[JRASERVER-72125] Index replication service is paused indefinitely after failing to obtain an index snapshot from another node

Type: Bug
Resolution: Fixed
Priority: High (View bug fix roadmap)
Fix Version/s: 9.1.0
Affects Version/s: 7.13.0, 8.5.0, 8.16.1, 8.17.1, 8.20.0, 8.13.13, 8.20.1
Component/s: Data Center - Index, Data Center - Node replication, Indexing
Labels:

Introduced in Version:
7.13
Support reference count:
184
Symptom Severity:
Severity 2 - Major
UIS:
1,889
Bug Fix Policy:
View Atlassian Server bug fix policy
Current Status:
Hide

Hi Team,

we're happy to announce that this issue is fixed in 9.1.0 release, available → https://www.atlassian.com/software/jira/update.

Before Jira 9.1 it was admin's responsibility to ensure that only one node starts at a time and that all nodes in the cluster are healthy, so that each of them can provide a healthy index snapshot.

Starting from Jira 9.1 the synchronous node start-up is enforced by the application.
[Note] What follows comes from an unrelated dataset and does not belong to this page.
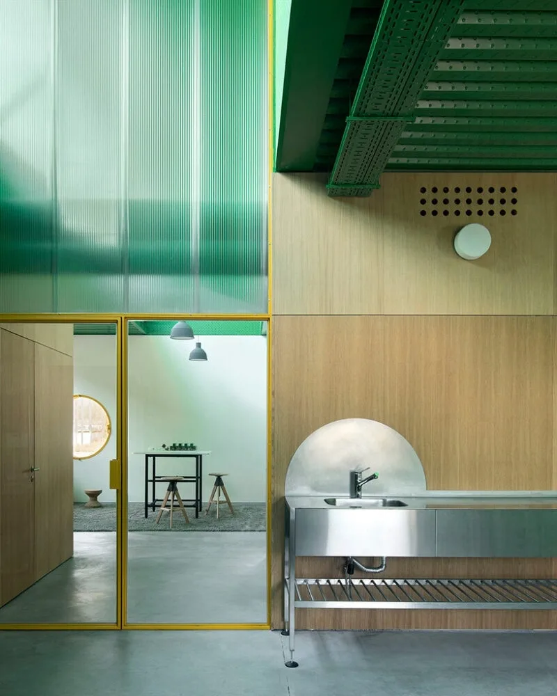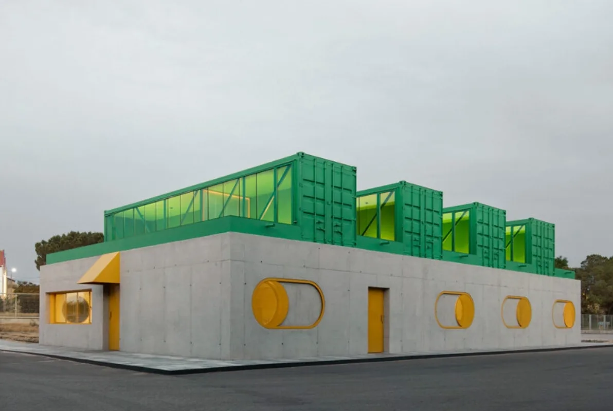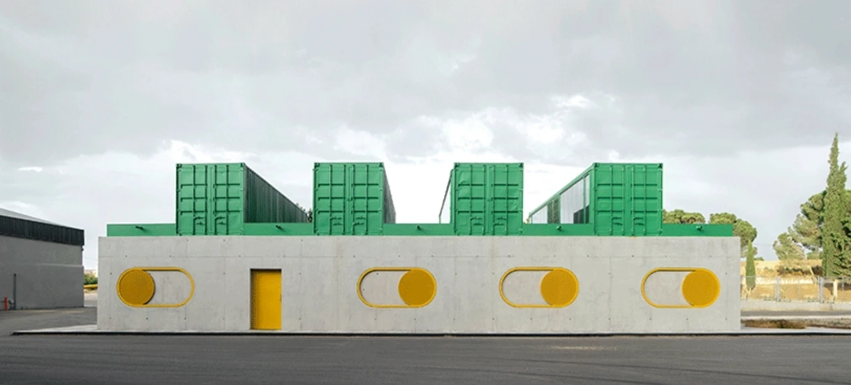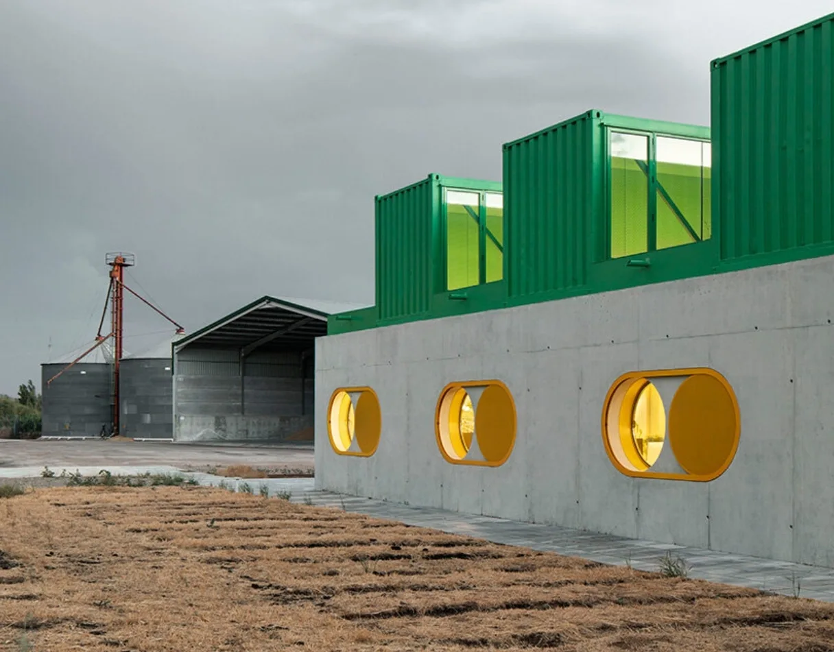 Agrosemillas Offices — это офисное здание площадью 280 м², спроектированное испанским бюро Impepinable Studio в агро-индустриальной зоне близ Мадрида. В проекте используются переоборудованные морские контейнеры, которые размещены на железобетонной конструкции и образуют «зубчатую» крышу с оконными проемами для естественного освещения. Такое решение визуально перекликается с окружающими складами, но создаёт более комфортный, светлый рабочий интерьер.

The start-up procedure ensures the local index is healthy before Jira can continue start-up. Jira will not start without a healthy index.

The start-up procedure is performed under a cluster lock, guaranteeing that only one node at a time executes it.

The index start-up procedure:

Re-index missing data if a local issue index is less than 10% behind the database.

Load a recent index snapshot from shared-home directory if one is available.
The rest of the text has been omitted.